GSK-J4 is a potent dual inhibitor of H3K27me3/me2-demethylases JMJD3/KDM6B and UTX/KDM6A with IC50s of 8.6 and 6.6 μM, respectively. GSK-J4 inhibits LPS-induced TNF-α production in human primary macrophages with an IC50 of 9 μM. GSK J4 is a cell permeable prodrug of GSK-J1[1][2][3].

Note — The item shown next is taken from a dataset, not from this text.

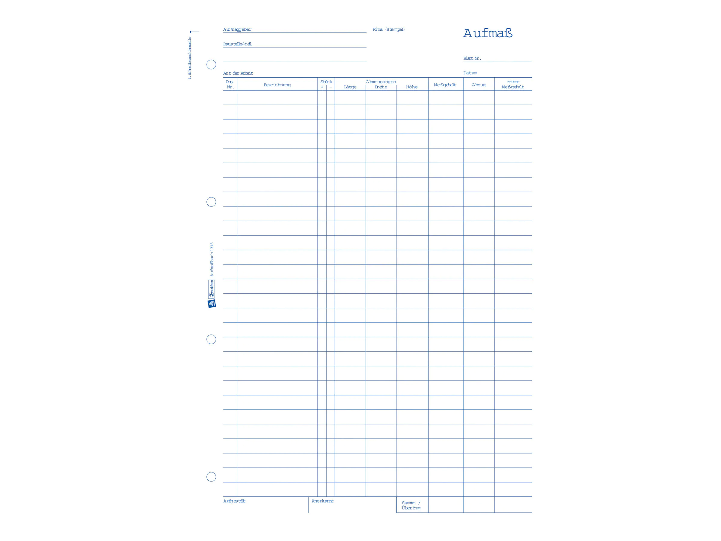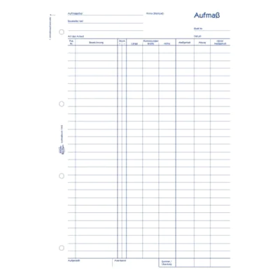 Die Bauformulare von Avery Zweckform sind unverzichtbare Helfer für Bau und Handwerk. Das Aufmaßbuch eignet sich besonders, um den Materialverbrauch zu dokumentieren. Das Aufmaßbuch im DIN A4 Format beinhaltet 2 Blatt Blaupapier. Die Bauformulare von Avery Zweckform sind vorgelocht, für eine schnelle Ablage!

GSK-J4 has cellular activity in Flag-JMJD3-transfected HeLa cells, in which GSK-J4 prevents the JMJD3-induced loss of nuclear H3K27me3 immunostaining. Administration of GSK-J4 increases total nuclear H3K27me3 levels in untransfected cells. GSK-J4 significantly reduces the expression of 16 of 34 LPS-driven cytokines, including tumour-necrosis factor-α (TNF-α)[1].GSK-J4 (5 μM; 48 hours) causes a more than 3-fold increase in mouse podocyte H3K27me3 content. H3K27me3 levels in cultured podocytes, GSK-J4 reduces Jagged-1 mRNA and Jagged-1 protein levels. Correspondingly, when exposed podocytes to the inducer of dedifferentiation TGF-β1, pretreatment with GSK-J4 preventes both the increase in intracellular N1-ICD levels and the increase in α-SMA and the decrease in podocin mRNA levels[2]. GSK-J4 (10, 25 nM) acts upon DCs promoting the differentiation of Treg cells, improving Treg stability and suppressive capacities, without affecting the differentiation of Th1 and Th17 cells[3].GSK-J4 inhibits JMJD3 expression that is induced by TGF-β1[4].GSK-J4 inhibits H3K4 demethylation at Xist, Nodal, and HoxC13 in female embryonic stem cells[5].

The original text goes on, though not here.